● What is needed
Return all the lines below exactly. Any picture among them is omitted.

● Collected data
----

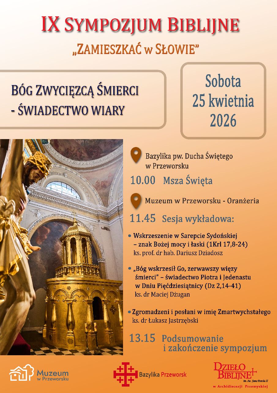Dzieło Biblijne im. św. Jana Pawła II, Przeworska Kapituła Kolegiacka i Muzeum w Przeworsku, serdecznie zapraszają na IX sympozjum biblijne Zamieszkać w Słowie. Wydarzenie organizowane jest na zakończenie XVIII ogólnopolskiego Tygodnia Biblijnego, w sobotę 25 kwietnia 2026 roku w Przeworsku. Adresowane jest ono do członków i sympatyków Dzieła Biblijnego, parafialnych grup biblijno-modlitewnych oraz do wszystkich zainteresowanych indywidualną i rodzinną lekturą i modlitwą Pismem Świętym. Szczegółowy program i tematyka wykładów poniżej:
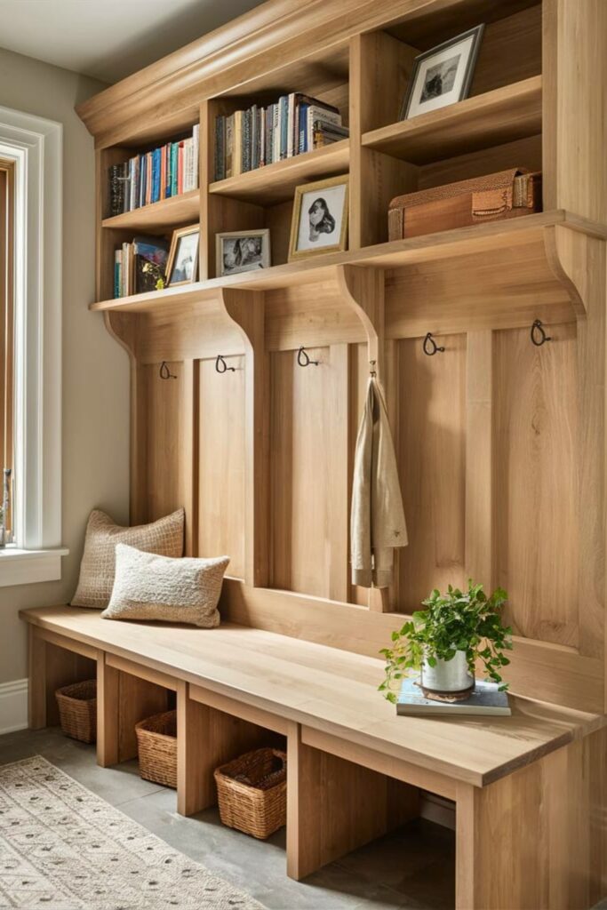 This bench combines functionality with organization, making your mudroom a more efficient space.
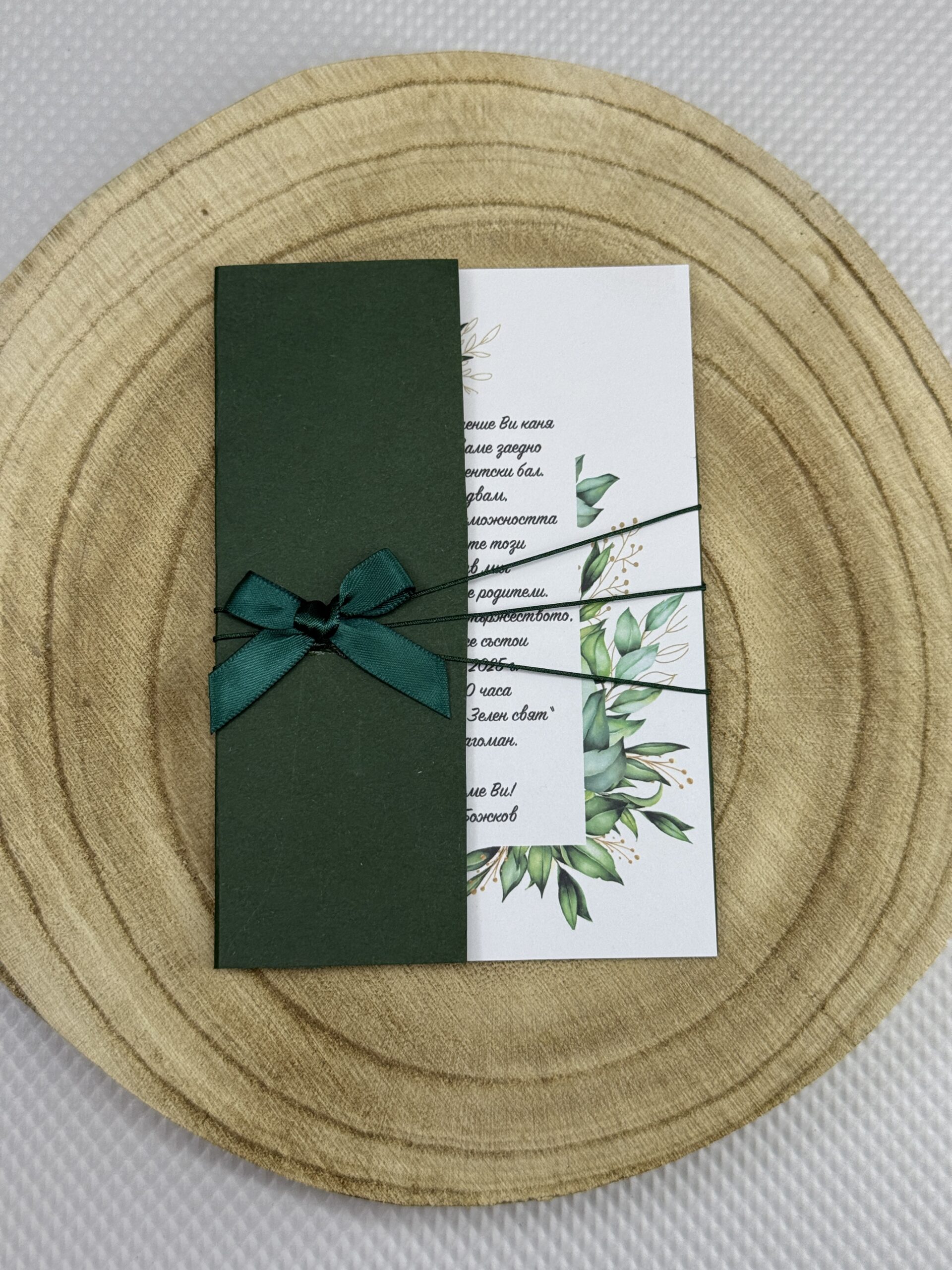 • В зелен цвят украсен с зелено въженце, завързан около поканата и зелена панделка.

----

● Exercise result
Dzieło Biblijne im. św. Jana Pawła II, Przeworska Kapituła Kolegiacka i Muzeum w Przeworsku, serdecznie zapraszają na IX sympozjum biblijne Zamieszkać w Słowie. Wydarzenie organizowane jest na zakończenie XVIII ogólnopolskiego Tygodnia Biblijnego, w sobotę 25 kwietnia 2026 roku w Przeworsku. Adresowane jest ono do członków i sympatyków Dzieła Biblijnego, parafialnych grup biblijno-modlitewnych oraz do wszystkich zainteresowanych indywidualną i rodzinną lekturą i modlitwą Pismem Świętym. Szczegółowy program i tematyka wykładów poniżej:
 This bench combines functionality with organization, making your mudroom a more efficient space.
 • В зелен цвят украсен с зелено въженце, завързан около поканата и зелена панделка.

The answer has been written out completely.